EE 252 Antennas - Ada Poon
A super unique class that will wreck your brain as you try to figure out Maxwell’s equations for the hundredth time, but super fun project component and was one of the few engineering classes I had taught by female faculty. Antennas are literal black magic and you can join the elite ranks of this rare breed of magicians.
EE 179 Analog & Digital Communications Systems - John Pauly
Play with radios, eavesdrop (legally, mostly) on public radio channels, and learn how to send and receive radio signals that on paper look like just random squiggles - another one of those black magic things. This was a great class that made me appreciate all the weird stuff from EE102A that I didn’t get and Prof. Pauly is world-class when it comes to radios.
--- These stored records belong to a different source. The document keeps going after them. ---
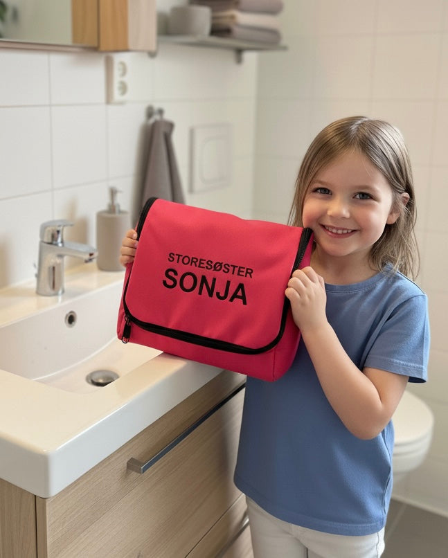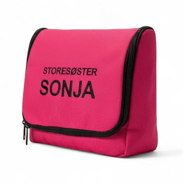 Rosa toalettveske brodert med det navn du ønsker. Det kan være navn, kallenavn, feriested osv. Ekstra navn eller ekstra linje koster 29,-.
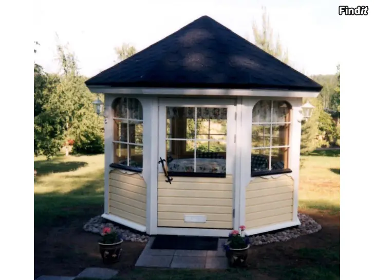 8-kulmainen.Halkaisija 3 m. 7 neliötä.Uusi elementtipaketti .Sisältää tukevan kantavan lattian .Voi kuljettaa peräkärryssä
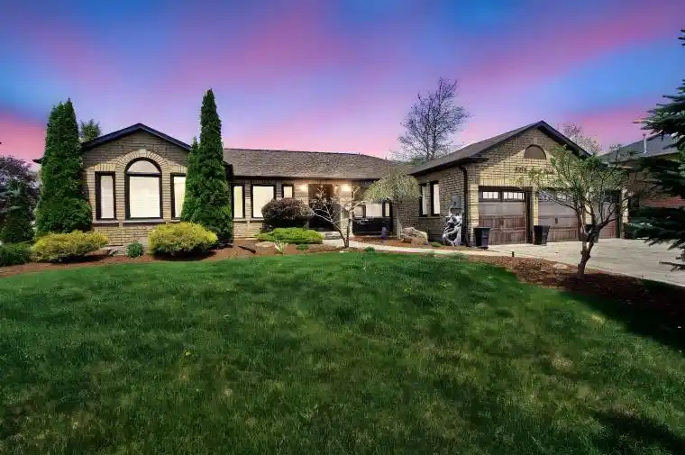 Welcome to 2706 Shering Crescent! A beautifully maintained bungalow with over 3,000 sq. ft. of finished living space, situated on a premium corner lot in Strouds family-friendly community. This 2+1 bedroom, 3-bath home showcases pride of ownership with hardwood floors on the main level, high-end carpet in the fully finished lower level, and thoughtful upgrades throughout. Enjoy excellent curb appeal with a 3.5 car interlock driveway (parking for 10+) and a heated 3-car garage equipped with its own tankless water heater perfect for car enthusiasts or a workshop. A Generac backup generator ensures peace of mind and uninterrupted comfort. Inside, a functional mudroom/laundry area with garage access leads to an open-concept kitchen and living area. The chef-inspired kitchen features a large cooktop, built-in oven, and built-in coffee machine, while the living room centers around a cozy gas fireplace. A formal dining area, enhanced by a stunning waterfall feature, creates an elegant setting for entertaining.The spacious primary suite offers a walk-in closet and spa-like ensuite with jacuzzi tub, complemented by a second large bedroom and full bath on the main floor.The lower level boasts a generous rec room with pool table, built-in mini bar, a large third bedroom, storage room, and 3-piece bath complete with a private sauna. Outside, the nearly half-acre lot is beautifully landscaped and includes a large interlocked patio ideal for BBQs and outdoor gatherings.This property has it allspace, comfort, and premium features. Dont miss your chance to own 2706 Shering Crescent!
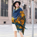 Anyyou 100% Merino Wool Yellow Blue Royal Silk Satin Large Winter Scarf Pashmina Shawl Bandana Perfect For Women Ladies Fashion Style
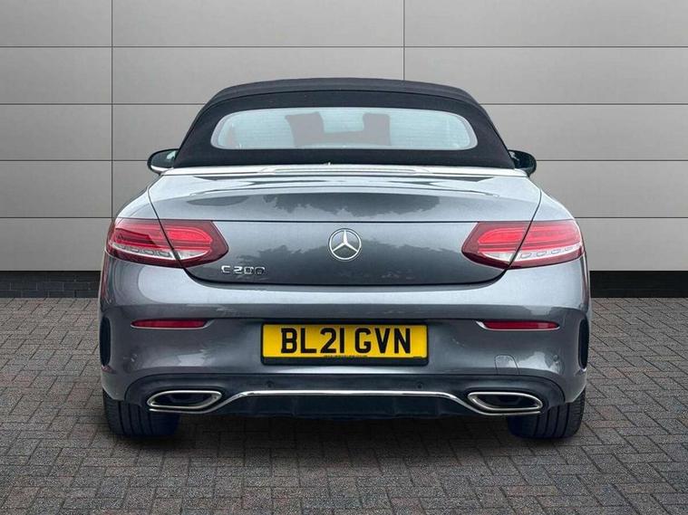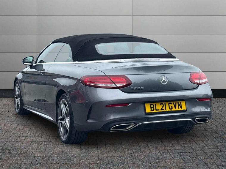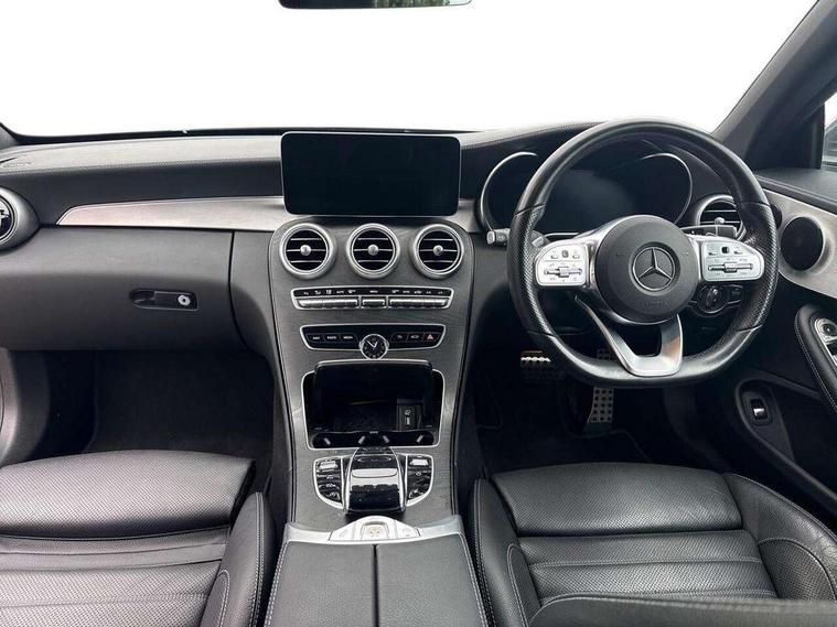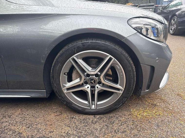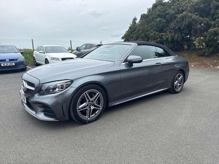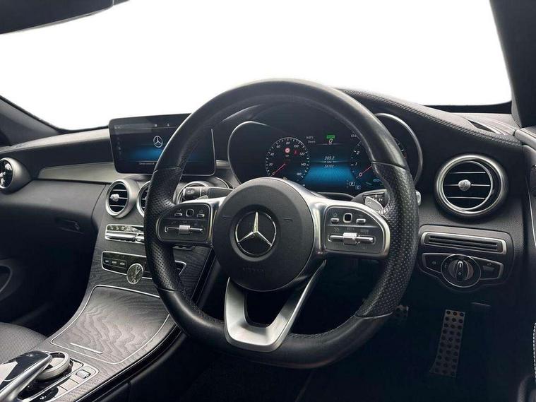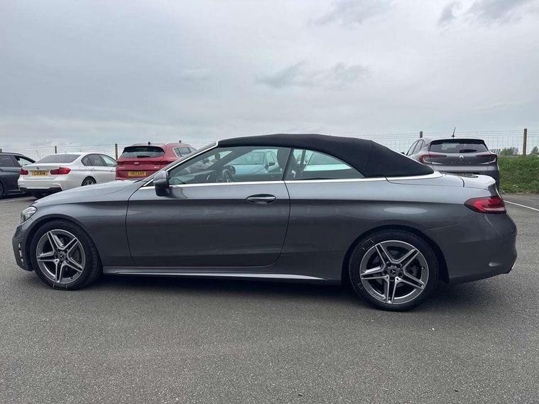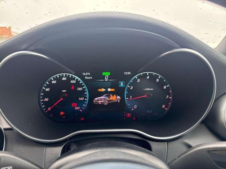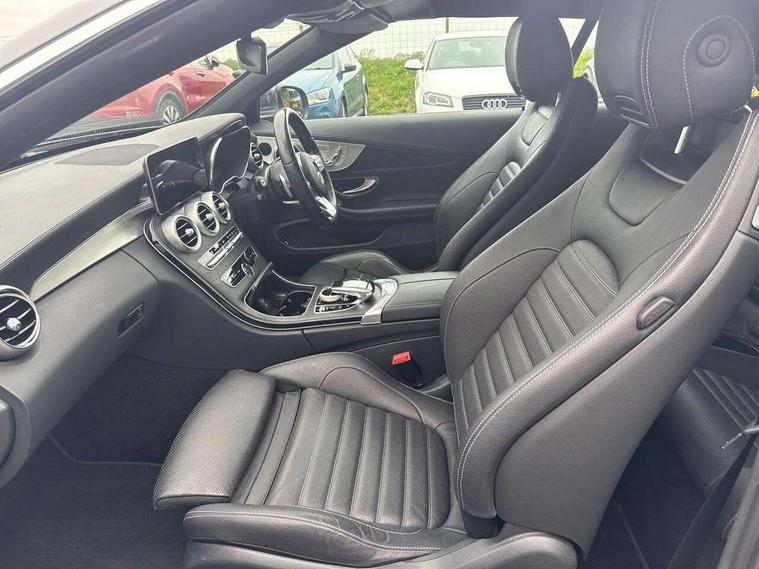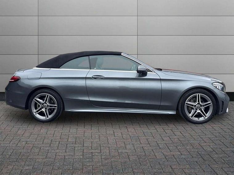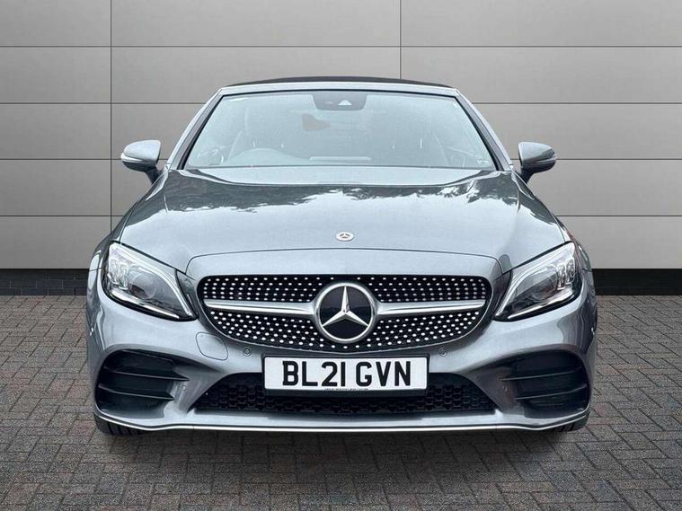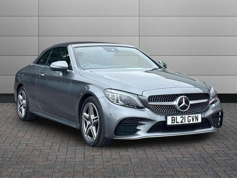 12.3" digital instrument cluster display, Active park assist with parktronic system, Attention assist, Bluetooth interface for hands free telephone, Collision prevention assist plus, Comand Online HDD Nav with media interface, radio/CD/DVD/MP3, 10.25 screen, linguatronic voice control, Cruise control with speedtronic variable speed limiter, DYNAMIC SELECT with a choice of driving modes (ECO, Comfort, Sport, Sport+ and Individual), ECO start/stop function, High resolution 10.25" multimedia colour display, Instrument cluster with 5.5-inch TFT multi-function display, Mercedes me connect including emergency call system, accident recovery, breakdown and maintenance management, Multi function trip computer, Outside temperature display, Pre-wiring for SD navigation system, Remote boot release, Reversing camera, Service indicator (ASSYST), Sports direct steer speed sensitive steering, Status display for rear seat belts in instrument cluster, Wireless charging, 66l fuel tank with increased capacity, 9G Tronic plus 9 speed automatic, Agility control sports suspension lowered by 15 mm, Petrol Particulate Filter, Sport exhaust system, DAB digital radio tuner, Frontbass loudspeakers, Mid-range sound system, SD card slot, Two USB ports and one SD Card slot in centre console, Acoustic soft-top with enhanced climate and noise comfort, Adaptive brake lights, AIRCAP wind deflector and draught stop, AMG bodystyling front and rear aprons, side skirts, Body coloured bumpers, Chrome pins diamond radiator grille with integrated stars, Door sill panels with Mercedes Benz lettering, Electric windows with one touch opening/closing and obstruction sensors, Exterior mirrors heated and electronically adjustable, Full LED tail lamps, Green tinted glass, LED daytime running lights, LED Indicators, LED third brake light, Multi beam LED headlights, Radio aerial integrated into rear window, Rain sensor windscreen wipers, Semi-automatic boot separator, Side windows surround in polished aluminium, Visible twin pipe exhaust trim integrated into rear bumper, 2 cupholders in front centre console, 2 rear head restraints, 3-spoke leather multi function AMG steering wheel with flattened bottom section and chrome inserts with perforated leather in grip area, 40:20:40 split folding rear seats, Airscarf - neck level heating, Ambient lighting, AMG sports seats, Auto Mercedes-Benz child seat recognition sensor, Black floor mats with AMG lettering, Front centre armrest with storage compartment, Front head restraints, Front LED reading lights, Heated front seats, Height/reach adjustable steering column, Illuminated glove compartment stowage, Leather upholstery, Sports pedals with stainless steel surfaces and rubber studs, Steering wheel gearshift paddles, Steering wheel touch control buttons for audio and onboard settings, Sunvisors with illuminated vanity mirrors, THERMATIC 2 zone automatic climate control, Interior lighting package - C Class, Memory pack with Electric adjustable steering wheel - C Class, Mirror package - C Class, Seat comfort pack - C Class, Stowage space pack - C Class, 2 rear seatbelts, 3 point automatic seatbelts, Active bonnet, Adaptive brake system with hold function, hill start assist and brake drying function, Anti-lock braking system (ABS), Automatic seatbelt pretensioner for driver and front passenger, Black seat belts, Brake calipers with Mercedes-Benz lettering + perforated brake discs, Dual stage airbags - driver and front passenger, front sidebags, driver kneebag, pelvis bag and windowbags for driver, front and rear passengers, Electronic parking brake, Electronic Stability Programme (ESP), ISOFIX child seat attachment points with top tether in rear, Tyre pressure monitoring system, Warning triangle and first aid kit, Anti-theft alarm system/interior protection with tow-away protection and interior monitoring systems, Central locking with interior switch, automatic locking and crash sensor with emergency opening function, Chrome surround in electric key, Immobiliser, Artico man-made leather dashboard, Black ash wood with brushed aluminium trim, 18" 5 spoke aero alloy wheels in Silver, TIREFIT with tyre inflation compressor,

Classes That Permanently Scarred Me But I Would Still Take Again Because I’m a Masochist (or it was required)
EE 118 Mechatronics
I cannot go into the lab where this took place anymore without getting chills down my spine. I was so sleep-deprived doing this project I legitimately thought I might die. I probably slept 3 hours a day for 2 weeks straight. Find yourself some teammates that don’t think building custom PCBs is a good idea. They’re not. It’s a miracle all 4 of us are still friends. Or maybe this class is why we’re still friends. Our final report lives on in infamy here.
EE 108 Digital System Design
I am indefinitely haunted by the Pink Panther theme song playing obnoxiously off-tune at 4 am inside a musty old lab. I enjoyed the course content, but man, the projects and lab infrastructure were brutal. On the bright side, if you end up carrying your team, your labmates will forever be indebted to you and you can make sure they will never forget it.
Looking back on all of these, the feelings I had and held on to when I learned to see something in a new way, found something beautiful and artistic, or just learned something straight up super hard and cool, were what made classes stand out to me. I think that’s what a great class and a great education is meant to do. You do the PSETs, the exams, the readings, and the projects. You listen to lectures and go to section and office hours and commiserate with classmates for hours. But at the end of the day, if you come out the other side with a new way of thinking about a problem or a new way of seeing something in the world, that’s all I can really ask for from a class, and makes me feel like, “you know, maybe - just maybe - we did meet those learning objectives.”